Dataset content.
^^^^^^^^^^^^^^^^
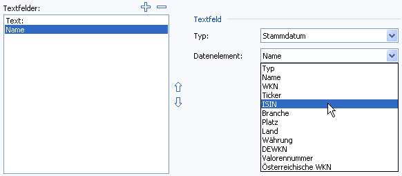 Eine Kursdaten-Export-Konfiguration wird aus einer Liste von Textfeldern zusammengesetzt, die in der aufgeführten Reihenfolge ausgegeben werden.
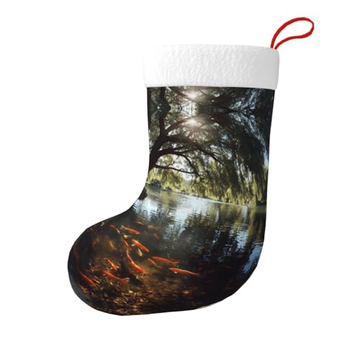 Christmas Decorative Stockings WHJSHOP Goldfish Under The Willow Tree Pattern for Christmas Holiday Party
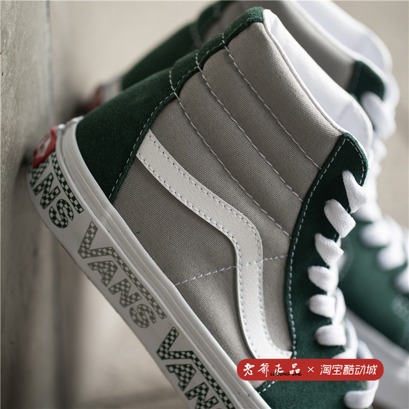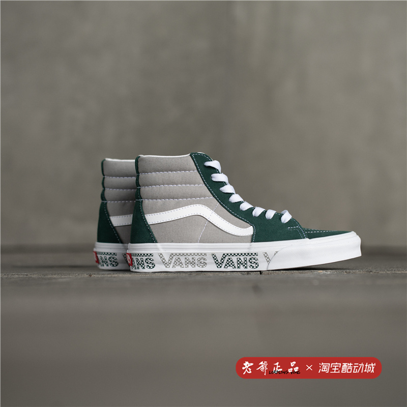 VN0A4BV6X0P Hi灰绿拼接高帮字母男女情侣休闲帆布鞋 VANS SK8
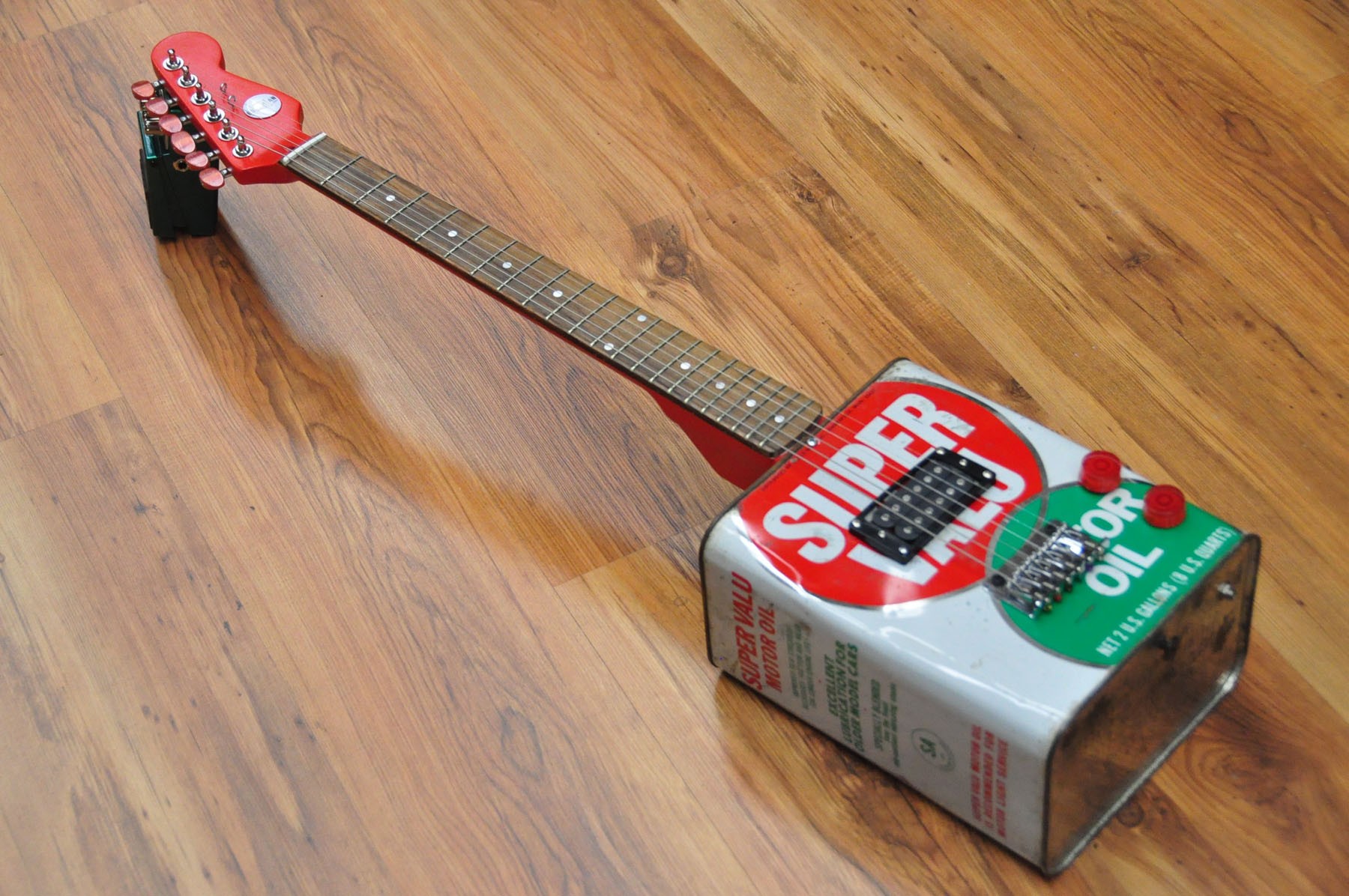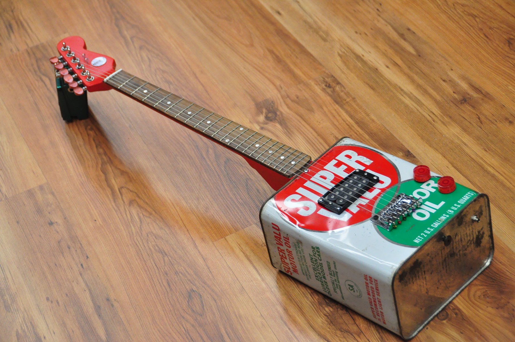 While brothers Adam and Shaun Lee were visiting their hometown of Johannesburg, South Africa, Shaun saw many of the street musicians using unconventional materials to create music. While he was impressed with the musician’s ingenuity and resourcefulness, he especially appreciated the sound quality of the oil-can guitar. When he arrived back in the U.S., he started building his own oil can and lunchbox guitars out of completely recycled materials in his parents’ basement in Marietta, Georgia.
^^^^^^^^^^^^^^^^
Work item. The result should be the same data as above, line for line, with the pictures gone.

Final answer.
 Eine Kursdaten-Export-Konfiguration wird aus einer Liste von Textfeldern zusammengesetzt, die in der aufgeführten Reihenfolge ausgegeben werden.
 Christmas Decorative Stockings WHJSHOP Goldfish Under The Willow Tree Pattern for Christmas Holiday Party
 VN0A4BV6X0P Hi灰绿拼接高帮字母男女情侣休闲帆布鞋 VANS SK8
 While brothers Adam and Shaun Lee were visiting their hometown of Johannesburg, South Africa, Shaun saw many of the street musicians using unconventional materials to create music. While he was impressed with the musician’s ingenuity and resourcefulness, he especially appreciated the sound quality of the oil-can guitar. When he arrived back in the U.S., he started building his own oil can and lunchbox guitars out of completely recycled materials in his parents’ basement in Marietta, Georgia.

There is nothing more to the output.